Und nach einer Nacht des ausgiebigen Nachdenkens kam sie schließlich auf die [so naheliegende] Lösung und erkannte den Wächter als Wächter und als eine ihrer Ich-Einheiten. Wahrscheinlich, weil die Zeit jetzt wohl reif für diese Erkenntnis war, dachte sie. 

Sie begriff und verstand den Wächter zunehmend als wichtige innere Ressource. Eine, die schon immer in ihr geschlummert hatte und die sie [zumindestens mental und geistig] lange Zeit oder den überwiegenden Teil ihres Lebens nicht als eine solche verstanden und begriffen hatte. 

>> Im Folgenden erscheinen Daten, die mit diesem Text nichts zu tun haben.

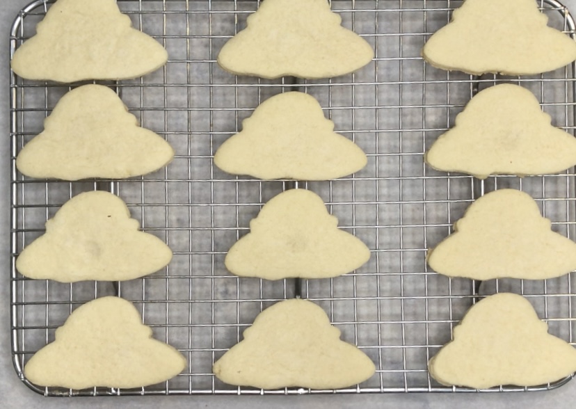 5. Bake cookies for 7 to 9 minutes. Do not brown the cookies. Allow cookies to cool for at least 8 minutes on the baking sheet before carefully removing to a cooling rack. Allow to completely cool before icing.
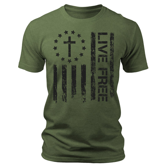 Live Free Christian Conservative Quote T-Shirt Patriotic Short Sleeve Crewneck Graphic Tees

Und DAS hatte sich nun gerade geändert. Vor etwa einem Monat fiel es ihr wie "Schuppen von den Augen", dachte sie amüsiert über den metaphorischen Begriff. 

Warum fiel einem sowas nicht wie "Schuppen aus den Haaren" oder wie "Schuppen vom Kopf", dachte sie in einer leicht rebellischen Anwandlung, die sie spontan lachen ließ. Das hätte irgendwie logischer geklungen. Woher das wohl stammte, dieses geflügelte Wort? 

Es war ja auch egal, versuchte sie ihren Geist wieder einzufangen, woher die Schuppen nun fielen, es zählte doch nur, DAS sie fielen, dachte sie schmunzelnd. 

Denn Antworten zu bekommen und gewisse Dinge in Bezug auf sich selbst und ihre Geschichte zu verstehen, das war in der letzten Zeit immer wichtiger für sie geworden.

Und die Frage nach dem Sinn und dem Grund dieser "inneren Anweisungen" durch den Wächter war nun beantwortet. Das war super! fand sie.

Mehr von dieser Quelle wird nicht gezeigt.